Hundreds of Riders Set to Have Their Bikes Blessed at St. John the Divine
UPPER WEST SIDE — Some 300 cyclists from across the city and beyond will convene Saturday morning at the Cathedral of St. John the Divine to have their bikes blessed by a Cathedral minister.
"We find that some people take it very seriously, some people think it’s all a big joke and some people are deeply offended," said founder Glen Goldstein, 53.
The Rev. Julia Whitworth, who will sprinkle each bike with holy water inside the cathedral Saturday at 9 a.m., said she was excited for the biking community to turn out for the ceremony.
"It’s a delight to be part of something that’s funny and whacky and New York," she said.
Goldstein also remarked on the seeming oddness of a bunch of bikes parading through the sacred space.
"It does feel strange," he said. "And that’s the best part."
"It’s really one of the only days of the whole year in New York City where the different bike riders are together in one place — the messengers, the commuters, the little kids, the first time riders," he added.
Though the service, which is in its 15th year, is held in the largest Episcopalian cathedral in the world, it's not heavy on religiosity. It is ecumenical and the whole experience is over in about 20 minutes, Goldstein said.
"My biggest challenge is to convince people of other faiths [to attend]," Goldstein, who is Jewish, added.
But everyone is welcome, whether they're "atheist, agnostic, Jewish, Muslim, whatever," he said.
Whitworth also echoed the message of openness.
"The cathedral has at its core a mission to serve people of all faiths and of no faith at all," she said. "One of the hurdles we have to jump through is for people to recognize that they are welcome and we’re not trying to force any belief on them."
Still, some people object to the mixing of church with the secular activity of bike riding.
"We hear complaints every year that it’s disrespectful of the church," said Goldstein, who disagreed. "It reinforces that the church is the place to bring people together."
Though the whole affair generally rings with joy — quite literally, as bikers sound off their bike bells and horns — there is a somber section, when the names of between 15 and 30 bicyclists killed are read aloud.
"I can’t wait for the year when there’s nobody [who died cycling]," Goldstein said.

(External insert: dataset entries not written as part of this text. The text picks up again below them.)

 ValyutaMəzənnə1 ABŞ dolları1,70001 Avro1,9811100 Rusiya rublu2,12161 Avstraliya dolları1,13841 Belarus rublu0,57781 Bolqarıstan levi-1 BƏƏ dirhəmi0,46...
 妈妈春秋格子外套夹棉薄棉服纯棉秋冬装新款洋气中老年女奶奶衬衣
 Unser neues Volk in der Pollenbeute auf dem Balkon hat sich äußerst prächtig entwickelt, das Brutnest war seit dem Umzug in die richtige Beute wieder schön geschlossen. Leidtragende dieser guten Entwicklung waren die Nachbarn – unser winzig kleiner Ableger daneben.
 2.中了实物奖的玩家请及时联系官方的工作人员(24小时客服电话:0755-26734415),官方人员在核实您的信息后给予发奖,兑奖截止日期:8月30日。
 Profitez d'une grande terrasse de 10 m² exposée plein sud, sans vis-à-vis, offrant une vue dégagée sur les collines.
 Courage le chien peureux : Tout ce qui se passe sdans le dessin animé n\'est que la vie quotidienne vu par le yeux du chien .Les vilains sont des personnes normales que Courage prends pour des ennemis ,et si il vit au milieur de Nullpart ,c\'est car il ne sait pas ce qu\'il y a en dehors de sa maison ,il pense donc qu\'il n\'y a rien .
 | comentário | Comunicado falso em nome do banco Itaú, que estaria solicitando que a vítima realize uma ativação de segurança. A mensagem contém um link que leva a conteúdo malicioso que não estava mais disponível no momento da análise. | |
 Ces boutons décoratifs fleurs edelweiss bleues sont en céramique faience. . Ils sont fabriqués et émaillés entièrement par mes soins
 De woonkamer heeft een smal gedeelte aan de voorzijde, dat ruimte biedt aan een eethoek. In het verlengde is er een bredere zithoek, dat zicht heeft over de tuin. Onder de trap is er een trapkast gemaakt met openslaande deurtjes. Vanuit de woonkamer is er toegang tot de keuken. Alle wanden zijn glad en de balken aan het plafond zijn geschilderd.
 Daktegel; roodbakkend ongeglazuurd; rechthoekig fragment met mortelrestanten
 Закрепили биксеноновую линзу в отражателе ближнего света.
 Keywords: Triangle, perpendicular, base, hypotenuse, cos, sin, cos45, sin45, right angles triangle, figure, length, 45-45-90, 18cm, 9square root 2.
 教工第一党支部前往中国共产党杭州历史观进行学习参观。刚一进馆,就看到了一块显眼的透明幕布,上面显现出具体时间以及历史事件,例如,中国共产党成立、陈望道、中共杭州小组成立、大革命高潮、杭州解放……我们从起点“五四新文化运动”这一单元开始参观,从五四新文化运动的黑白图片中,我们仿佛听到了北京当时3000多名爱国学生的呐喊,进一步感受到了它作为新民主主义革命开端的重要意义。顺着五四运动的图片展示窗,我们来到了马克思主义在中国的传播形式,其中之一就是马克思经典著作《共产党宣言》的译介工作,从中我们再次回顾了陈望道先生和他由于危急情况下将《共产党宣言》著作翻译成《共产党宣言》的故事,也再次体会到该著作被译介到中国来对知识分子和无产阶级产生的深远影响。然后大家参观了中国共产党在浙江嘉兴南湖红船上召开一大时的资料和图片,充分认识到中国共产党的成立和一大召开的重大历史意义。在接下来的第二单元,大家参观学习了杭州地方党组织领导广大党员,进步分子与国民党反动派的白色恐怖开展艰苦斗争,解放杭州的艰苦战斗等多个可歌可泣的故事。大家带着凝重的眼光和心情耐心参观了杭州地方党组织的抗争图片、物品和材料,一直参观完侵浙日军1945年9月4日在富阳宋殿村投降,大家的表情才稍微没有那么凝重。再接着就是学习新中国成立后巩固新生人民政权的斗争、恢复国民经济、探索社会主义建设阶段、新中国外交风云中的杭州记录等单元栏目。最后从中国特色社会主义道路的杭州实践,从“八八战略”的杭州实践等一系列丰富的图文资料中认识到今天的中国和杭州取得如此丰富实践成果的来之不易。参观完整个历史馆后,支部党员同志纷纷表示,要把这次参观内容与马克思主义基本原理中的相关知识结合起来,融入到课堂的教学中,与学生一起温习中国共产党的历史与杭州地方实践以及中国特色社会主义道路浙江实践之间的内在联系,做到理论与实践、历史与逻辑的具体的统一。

The event, which started with only 50 people, has continued to grow over the years through word of mouth and in keeping with the growing cycling population.
Goldstein views the cathedral as a safe space in a city where he says bicyclists are so often hated and derided.
"We’re a pretty hated bunch in New York," he said. "It’s always a shock to me. People really hate us a lot."
Perceptions are changing, he said, with the advent of more bike lanes and thus more riders and more people who know bike riders. But Goldstein encourages riders to leave their activism at the door.
People have asked him whether they can make speeches at the ceremony but so far Goldstein has denied this request.
"It's the one day we try to keep it low key and not espouse our favorite causes," he said.
This will be the first time Whitworth has conducted a bike blessing.
"I can't wait to pray with them and for them and for their safety and pleasure and for the wind to be at their backs," she said.